(Supplied material)
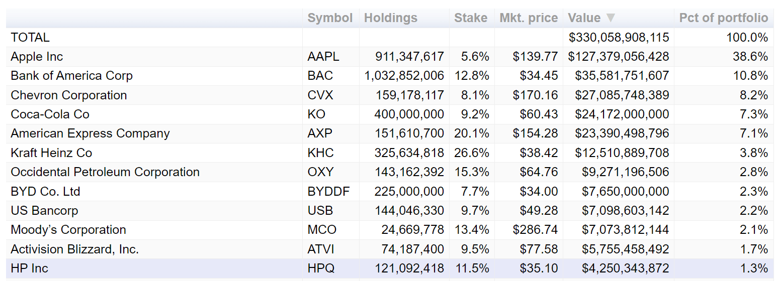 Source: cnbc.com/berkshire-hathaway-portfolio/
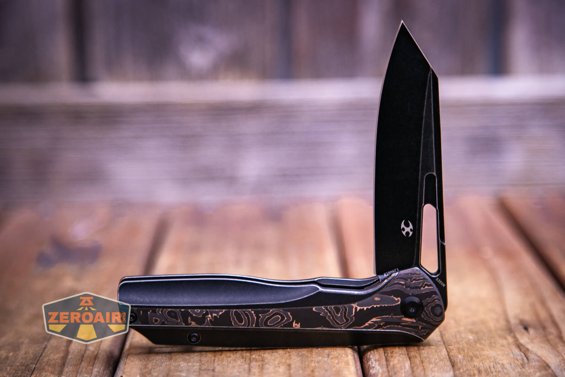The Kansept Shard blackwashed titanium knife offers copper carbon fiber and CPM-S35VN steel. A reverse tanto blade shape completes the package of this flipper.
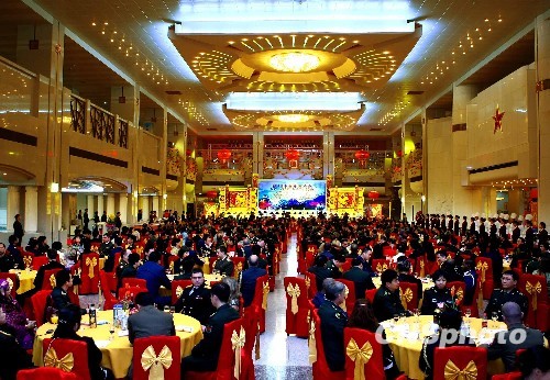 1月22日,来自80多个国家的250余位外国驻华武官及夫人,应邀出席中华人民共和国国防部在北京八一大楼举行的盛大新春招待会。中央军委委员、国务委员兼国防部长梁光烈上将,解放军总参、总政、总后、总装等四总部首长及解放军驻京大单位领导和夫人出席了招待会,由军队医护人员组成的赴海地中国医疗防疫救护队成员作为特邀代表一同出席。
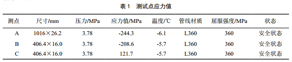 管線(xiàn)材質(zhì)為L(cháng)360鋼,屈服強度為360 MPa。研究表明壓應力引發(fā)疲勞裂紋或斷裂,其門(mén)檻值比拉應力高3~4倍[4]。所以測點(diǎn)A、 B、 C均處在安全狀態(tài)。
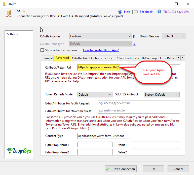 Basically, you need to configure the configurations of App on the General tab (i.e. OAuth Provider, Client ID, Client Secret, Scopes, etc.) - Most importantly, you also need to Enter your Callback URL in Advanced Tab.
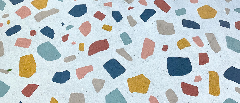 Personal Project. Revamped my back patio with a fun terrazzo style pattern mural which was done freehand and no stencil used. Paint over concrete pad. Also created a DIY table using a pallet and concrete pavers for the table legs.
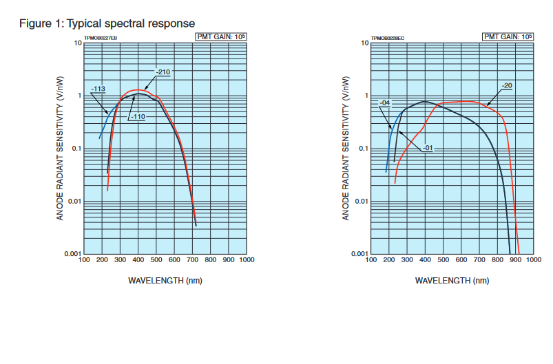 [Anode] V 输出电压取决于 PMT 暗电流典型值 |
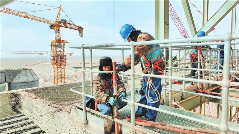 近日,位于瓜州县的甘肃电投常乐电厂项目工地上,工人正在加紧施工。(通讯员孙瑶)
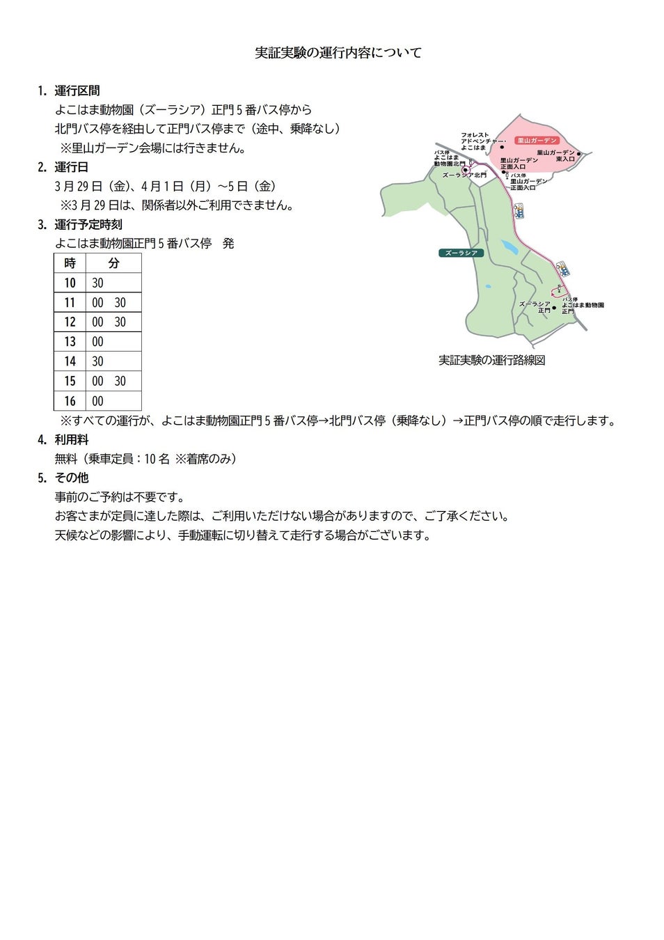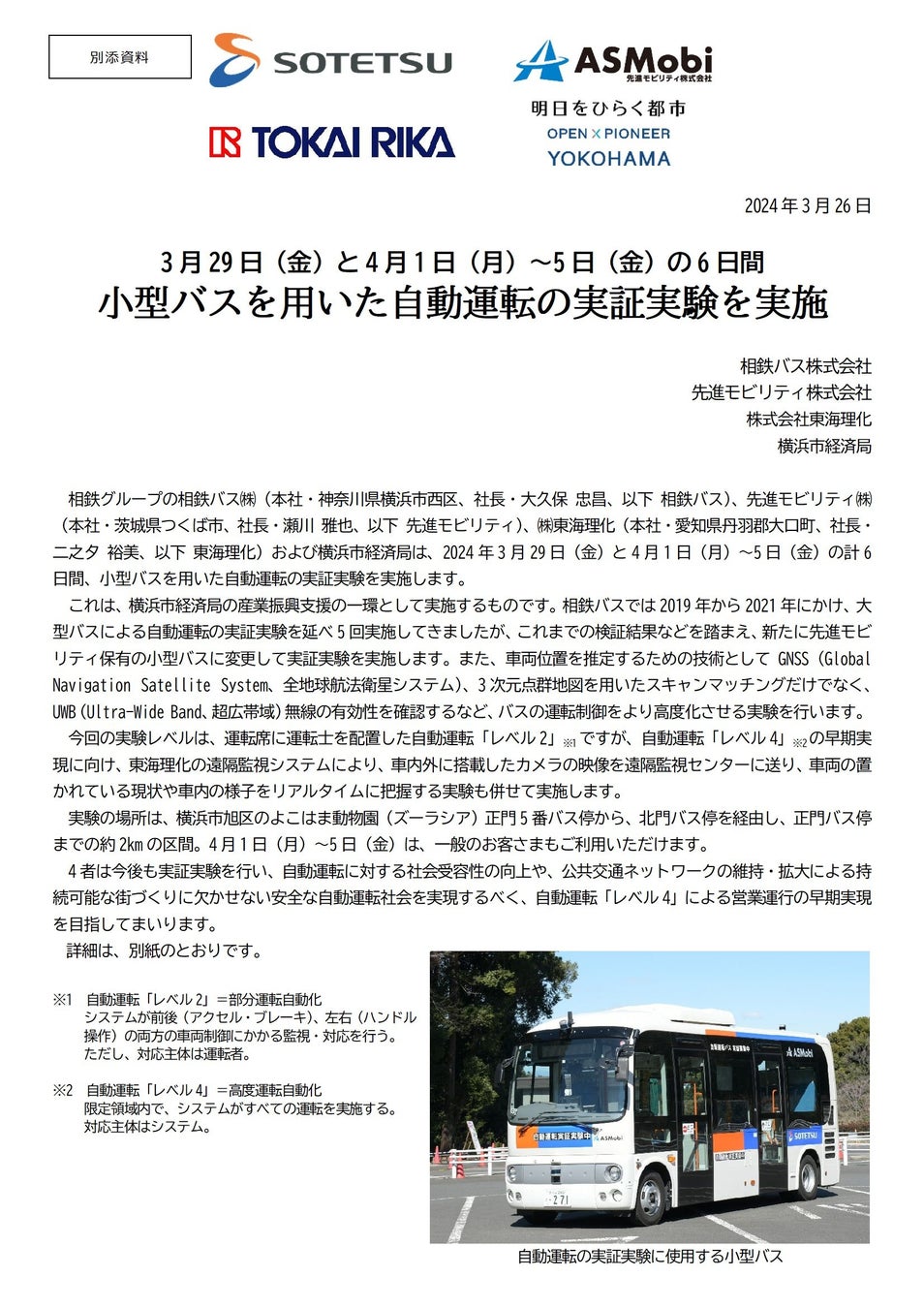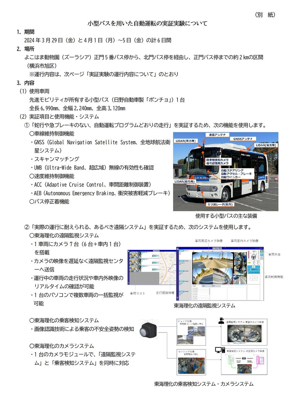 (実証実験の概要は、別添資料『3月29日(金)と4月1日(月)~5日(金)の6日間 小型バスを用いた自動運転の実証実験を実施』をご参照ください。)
(End Supplied material)
--- Instructions to follow ---
Using the records above, return word for word the lines that begin at the one containing "The Kansept Shard" and end at the one containing "Basically, you need", both of them included and no pictures.

--- Exercise result ---
The Kansept Shard blackwashed titanium knife offers copper carbon fiber and CPM-S35VN steel. A reverse tanto blade shape completes the package of this flipper.
 1月22日,来自80多个国家的250余位外国驻华武官及夫人,应邀出席中华人民共和国国防部在北京八一大楼举行的盛大新春招待会。中央军委委员、国务委员兼国防部长梁光烈上将,解放军总参、总政、总后、总装等四总部首长及解放军驻京大单位领导和夫人出席了招待会,由军队医护人员组成的赴海地中国医疗防疫救护队成员作为特邀代表一同出席。
 管線(xiàn)材質(zhì)為L(cháng)360鋼,屈服強度為360 MPa。研究表明壓應力引發(fā)疲勞裂紋或斷裂,其門(mén)檻值比拉應力高3~4倍[4]。所以測點(diǎn)A、 B、 C均處在安全狀態(tài)。
 Basically, you need to configure the configurations of App on the General tab (i.e. OAuth Provider, Client ID, Client Secret, Scopes, etc.) - Most importantly, you also need to Enter your Callback URL in Advanced Tab.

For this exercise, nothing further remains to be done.